I am Mary Gardiner of the Ada Initiative. We’re a feminist non-profit supporting women in open technology and culture. I co-founded the Ada Initiative, and my title is Director of Operations and Research. Much as roles in a small startup are blurry they are for us too: my work includes everything from policy work, public speaking, training, business administration, bookkeeping, systems administration and JavaScript programming.
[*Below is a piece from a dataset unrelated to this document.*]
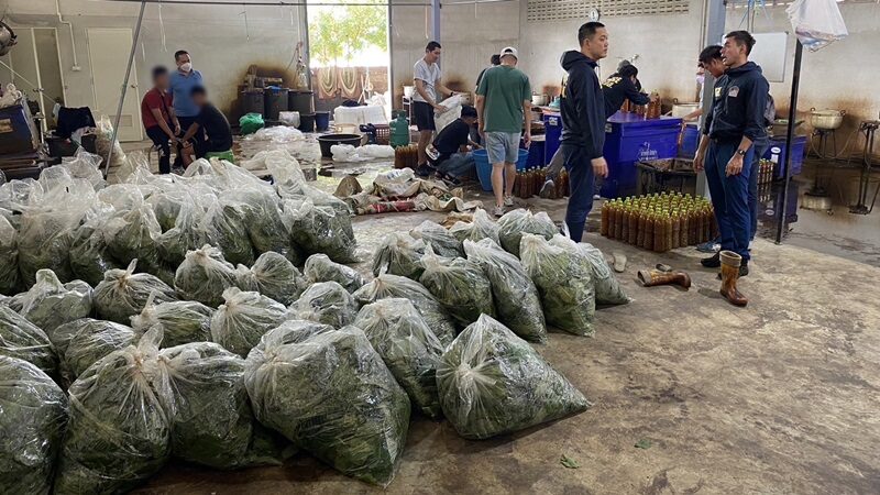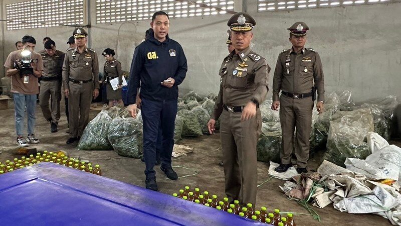 สภาพสุดยี้สกปรก ตำรวจ กก.ดส. บุกทลายโรงงานผลิตน้ำใบกระท่อม ส่งขายริมถนนย่านหัวหมาก-รามคำแหง จับ 2 พม่ามือต้ม ซัดเจ้าของเป็นคนใต้

Other things I do include caring for my young child; blogging; the odd bit of swimming, cycling and yoga; and very occasional scuba diving. I am in the very last stages of a PhD in computational linguistics: in the next month or so I need to do the final revisions of my thesis in line with my examiners’ comments and then I will graduate some time this year.
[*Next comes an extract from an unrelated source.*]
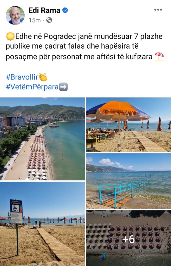 Kryeministri Rama ka promovuar në rrjetet e tij sociale plazhet publike që ka krijuar bashkia e Pogradecit në funksiom të pushuesëve. Plot 7 plazhe publike dhe të pajsiur me çadra falas dhe gjithë elementët e sigurisë. Duket se këtë vit thithja e sa më shumë pushuesëve me oferta lehtësuese është rivaliteti më i madh i bashkive turistike të vendit.

- What distribution do you run on your main desktop/laptop?
I run Ubuntu on my laptop. To date I’ve always run the latest stable release, and occasionally the upcoming release when it’s in beta, but my time for upgrading software is diminishing and I’m considering switching to using only LTS releases, even on my laptop.
I am curious about how Fedora is doing these days, but realistically switching distributions is more work than upgrading Ubuntu so I am likely to stick with the path of least resistance.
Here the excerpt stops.